For this exercise, please transcribe exactly and only the lines from the one containing "신불산 자연휴양림 상단지구 시설명 및 운영 형태 변경 안내" through the end of the material, both ends included, without pictures.
'''
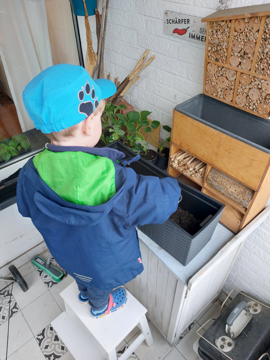 Ein Hoch auf den HelferHeute mal was anderes: es ging an den Naschbalkon. Mein Nachwuchsgärtner hat schon mal die Balkonkästen für die Erdbeeren vorbereitet:
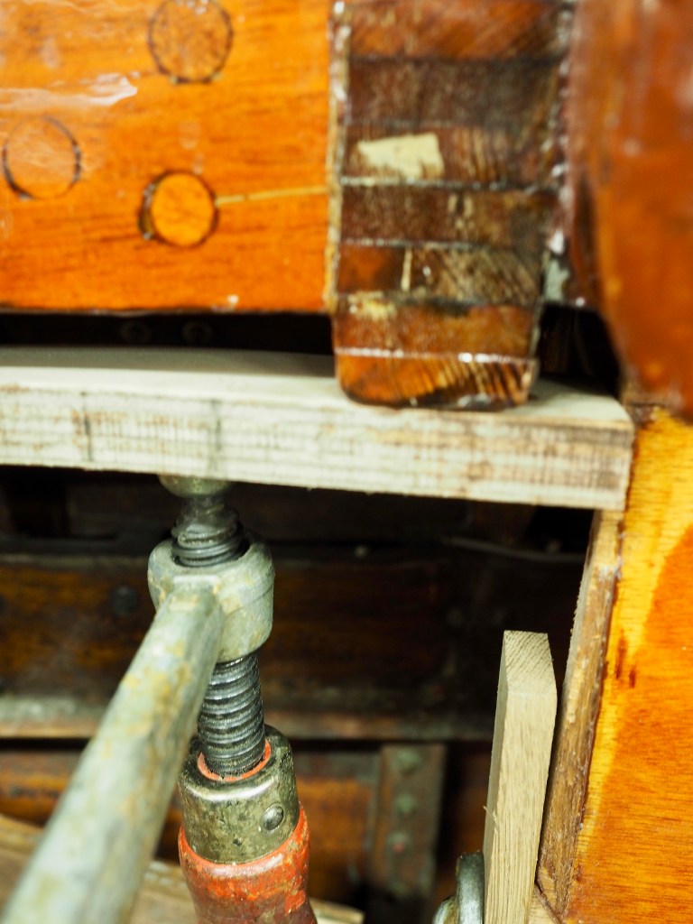 Limning med epoxi är veckans giv. Man måste vara snabb så man hinner limma allt innan epoxin stelnar. Ibland får man ta till nödlösningar och hoppas på att de håller. Mardrömmen är att när allt omsider är färdigt, och det första skuttet in i sittbrunnen tas, rasar hela korthuset..
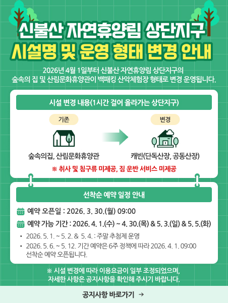 신불산 자연휴양림 상단지구 시설명 및 운영 형태 변경 안내
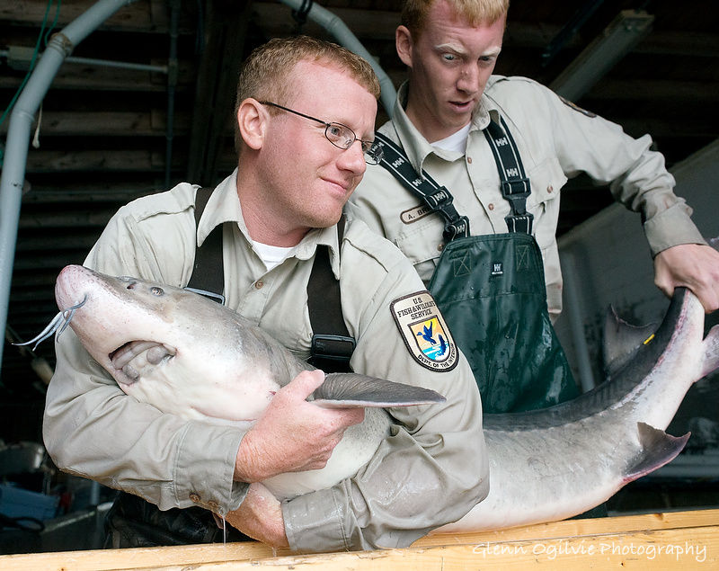 U.S. Fish and Wildlife Service biologists Justin Chiotti and Andrew Briggs, wrestle one of 14 sturgeon being tagging at Purdy Fisheries as part of an international restoration effort.
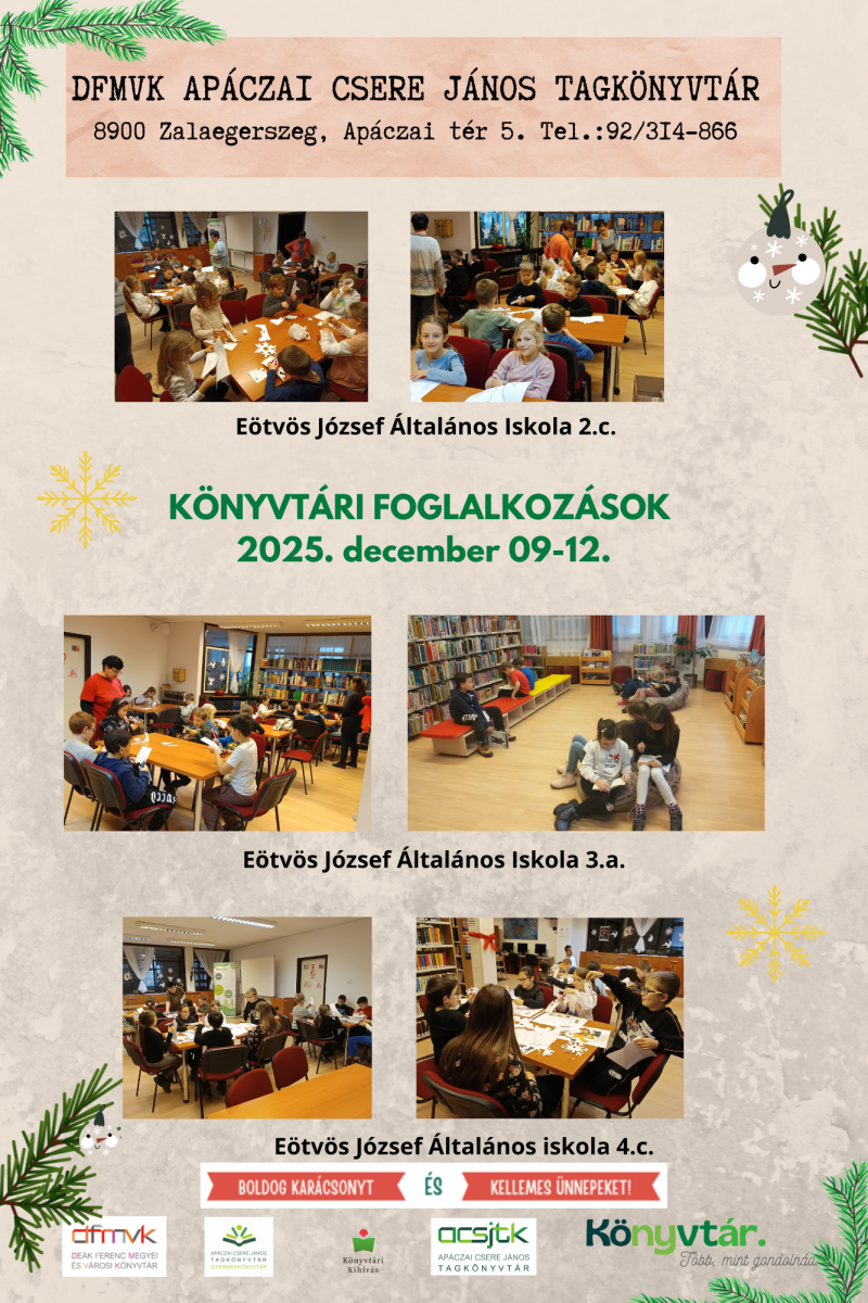 Az Eötvös József Általános Iskola tanulói könyvtári órán jártak nálunk, ahol ünnepváró kézműves foglalkozással készültünk számukra. A gyerekek gyönyörű ablakdíszeket készítettek a közelgő ünnepre hangolódva. Vidám, kreatív órákat tölthettünk együtt – köszönjük a lelkes részvételt!
'''
| Answer for this exercise |
 신불산 자연휴양림 상단지구 시설명 및 운영 형태 변경 안내
 U.S. Fish and Wildlife Service biologists Justin Chiotti and Andrew Briggs, wrestle one of 14 sturgeon being tagging at Purdy Fisheries as part of an international restoration effort.
 Az Eötvös József Általános Iskola tanulói könyvtári órán jártak nálunk, ahol ünnepváró kézműves foglalkozással készültünk számukra. A gyerekek gyönyörű ablakdíszeket készítettek a közelgő ünnepre hangolódva. Vidám, kreatív órákat tölthettünk együtt – köszönjük a lelkes részvételt!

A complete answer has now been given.